Updated robots.txt file hits Bing and others without a Reddit deal.
Recent discussions on Reddit are no longer showing up in non-Google search engine results. The absence is the result of updates to Reddit’s Content Policy that ban crawling its site without agreeing to Reddit’s rules, which bar using Reddit content for AI training without Reddit’s explicit consent.
As reported by 404 Media, using “site:reddit.com” on non-Google search engines, including Bing, DuckDuckGo, and Mojeek, brings up minimal or no Reddit results from the past week. Ars Technica made searches on these and other search engines and can confirm the findings. Brave, for example, brings up a few Reddit results sometimes (examples here and here) but not nearly as many as what appears on Google when using identical queries. A standout is Kagi, which is a paid-for engine that pays Google for some of its search index and still shows recent Reddit results.
As 404 Media noted, Reddit’s Robots Exclusion Protocol (robots.txt file) blocks bots from scraping the site. The protocol also states, “Reddit believes in an open Internet, but not the misuse of public content.” Reddit has approved scrapers from the Internet Archive and some research-focused entities.
Reddit announced changes to its robots.txt file on June 25. Ahead of the changes, it said it had “seen an uptick in obviously commercial entities who scrape Reddit and argue that they are not bound by our terms or policies. Worse, they hide behind robots.txt and say that they can use Reddit content for any use case they want.”
Last month, Reddit said that any “good-faith actor” could reach out to Reddit to try to work with the company, linking to an online form. However, Colin Hayhurst, Mojeek’s CEO, told me via email that he reached out to Reddit after he was blocked but that Reddit “did not respond to many messages and emails.” He noted that since 404 Media’s report, Reddit CEO Steve Huffman has reached out.

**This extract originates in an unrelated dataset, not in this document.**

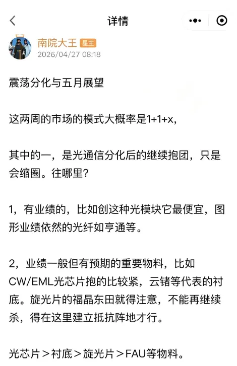 - 操作建议:轻指数、重结构,控制仓位 5–6 成;聚焦一季报超预期的半导体设备、算力硬件,规避高位题材与业绩雷区。

Google’s search strangehold tightens
With Google being virtually the only search engine that can show recent Reddit results—at least for now—Reddit has inadvertently helped tighten Google’s stranglehold on the search industry. The change comes amid recent quality concerns about Google results, which have ranked SEO and AI spam farms, ads, and e-commerce links higher than more relevant results. There are also worries about Google’s AI Overview.
ARS VIDEO
What Happens to the Developers When AI Can Code? | Ars Frontiers
When reached for comment, Reddit spokesperson Tim Rathschmidt said via email that Reddit has been in talks “with multiple search engines.” He added:
We have been unable to reach agreements with all of them, since some are unable or unwilling to make enforceable promises regarding their use of Reddit content, including their use for AI.
After Reddit declared war on free use of its content for AI training (which also resulted in an API access price hike that shuttered many third-party Reddit apps), Reddit signed a deal at a reported $60 million per year that lets Google use Reddit data to train its AI. It was expected that Reddit would try to strike a similar deal with Microsoft, but it seems the parties could not reach an agreement in line with Reddit’s content policy, which also includes rules about user privacy and deleted content, for example.
A spokesperson for Microsoft told me:
Microsoft respects the robots.txt standard and we honor the directions provided by websites that do not want content on their pages to be used with our generative AI models. Bing stopped crawling Reddit after they implemented their updated robots.txt file on July 1, which prohibits all crawling of their site.
In October, The Washington Post, citing an anonymous source, reported that Reddit was considering blocking Bing search crawlers if it couldn’t reach a deal with Microsoft.
As 404 Media pointed out, Reddit’s guide for accessing its data names “search or website ads” as a commercial use warranting fees. It’s unclear how much money other search engines would need to spend to be permitted to scrape the platform. Rathschmidt said Reddit is “open to working with partners big and small.”
“It’s bad for the health of the Internet for for-profit companies to scrape our content without constraint and use it for, among other things, [training] AI models,” he said.
For now, Google can continue leaning on Reddit to help make search results more relevant. Google didn’t respond to Ars’ request for comment.
Meanwhile, alternative search engines may find it harder to compete.
“With our own ranking algorithms, previously users would often find different pages on Reddit than they might find with Google and others,” Mojeek’s Hayhurst told me.
The CEO added that while being blocked by Reddit alone “is not a huge deal,” he is concerned about the precedent it could set. “Search engines are the main traffic source for most websites, and a spreading of this behavior will further choke off traffic. And smaller sites will be impacted even more than large sites,” he said.
Advance Publications, which owns Ars Technica parent Condé Nast, is the largest shareholder of Reddit.
This article was updated with additional comment from Microsoft.